Mike Easton's forthcoming Italian restaurant (inside a historic log cabin!) is no longer a distant dream: Il Nido is slated to open in West Seattle this April, per Eater Seattle. Unlike his extremely popular, lunch-only Pioneer Square spot, Il Corvo, Easton's new restaurant will serve dinner and brunch. Expect "truly handmade" pasta and seasonal vegetables to dominate the menu, which will change on a weekly basis. Il Nido is Easton's first West Seattle restaurant, and will be located inside the Alki Homestead, a building that dates back more than 100 years.

Ben Paris Returns (Kinda)

Speaking of major renovation projects, yet another construction overhaul is coming to fruition this spring: The vacant Eitel Building at Second and Pike will be reborn in March as a boutique hotel dubbed the State, according to Puget Sound Business Journal. The 115-year-old building's revamp includes a restaurant and bar, Ben Paris, on the bottom level. The name honors the original Ben Paris, a legendary Seattle restaurateur from the first half of the 20th century, who ran Paris Cigars, Lunch and Cards in this building. Quinton Stewart has signed on as executive chef.

A New Union on East Union

Capitol Hill's Métier—a space that incorporates a bike shop, training center, gym, and cafe—is teaming up with Homegrown to handle its food and drink operations, per Capitol Hill Seattle. Getting its start in Capitol Hill's Melrose Market, Homegrown's menu of sandwiches, soups, salads, and sides has since expanded to eight locations across the city. Beer from Métier Brewing Company will remain on tap, while Homegrown handles the sandwich side of things. Fresh paint and a mural are in the works too, with all changes realized sometime this March.

What's the Deal with Airline Food?

Turns out airport dining doesn't have to be a sordid affair of overpriced bagels and limp fast food burgers, at least not once Sea-Tac finishes its major renovation, which will add 10,000 square feet of dining and seating.
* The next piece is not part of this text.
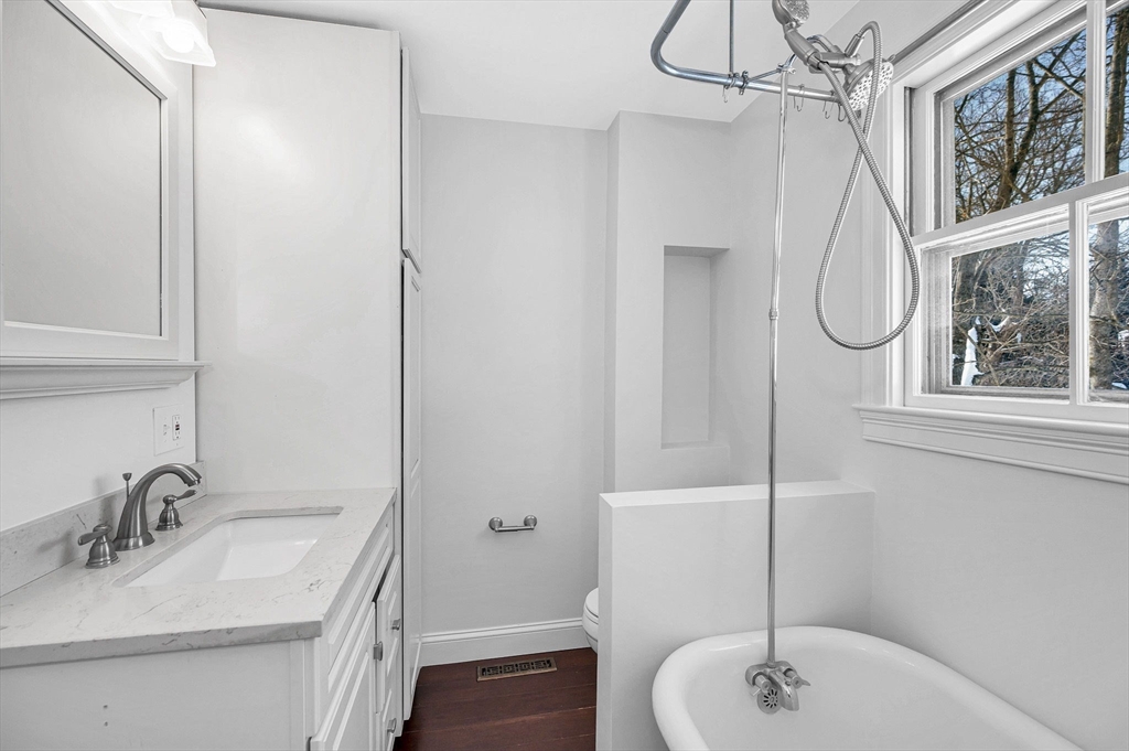 Meticulous 2-bedroom duplex available in a great Westford location. Bright and sunny best describes this spacious unit. Completely updated, freshly painted throughout, and awaiting its newest resident. The kitchen is beautiful & offers all SS appliances, and is open to the dining and living areas, offering a wonderful flow and perfect for entertaining. First floor full bath with clawfoot tub rounds out the main level. The 2nd floor offers a large 1/2 bath and two bedrooms. In the lower level, you will find a finished room (flex space, office, den, etc.), plenty of storage, and a washer & dryer. You have your own private driveway and access to the backyard. Shows beautifully, you would be proud to call this place home! This one looks nicer in person.

Several newcomers have already opened—Floret by Cafe Flora, Rel'Lish Burger Lounge—but Eater Seattle offers a status check  on other impending airport restaurants. This month, Pioneer Square's Caffe D'arte and Portland-based Bambuza Vietnam Kitchen are slated to land in the N Gates. And there's a whole lot more coming in March, like Evergreens Salad, seafood spot Lucky Louie, and Koi Shi Sushi. Sunset Fried Chicken, Li'l Woody's, Macrina, and Caffe Ladro are expected further down the road.

Coffee CEOs with Lofty Goals

When former Starbucks CEO Howard Schultz kicked off the week by telling 60 Minutes he's considering running for president, we didn't think Seattle's coffee scene could get any weirder. Then along came Bulletproof Coffee founder Dave Asprey, a 45-year-old biohacker who wants to live to the age of 180, according to Men's Health. Based out of Seattle, Bulletproof sells coffee, protein bars, supplements, and products like collagen protein and something called brain octane oil, which align with Asprey's rather ambitious goal. The company also operates three cafes, one of which is in South Lake Union. But what, exactly, does it take to live a double lifetime? Just some stem cell treatments, infrared light baths, hyperbaric oxygen chambers, and...yeah, at least $1 million.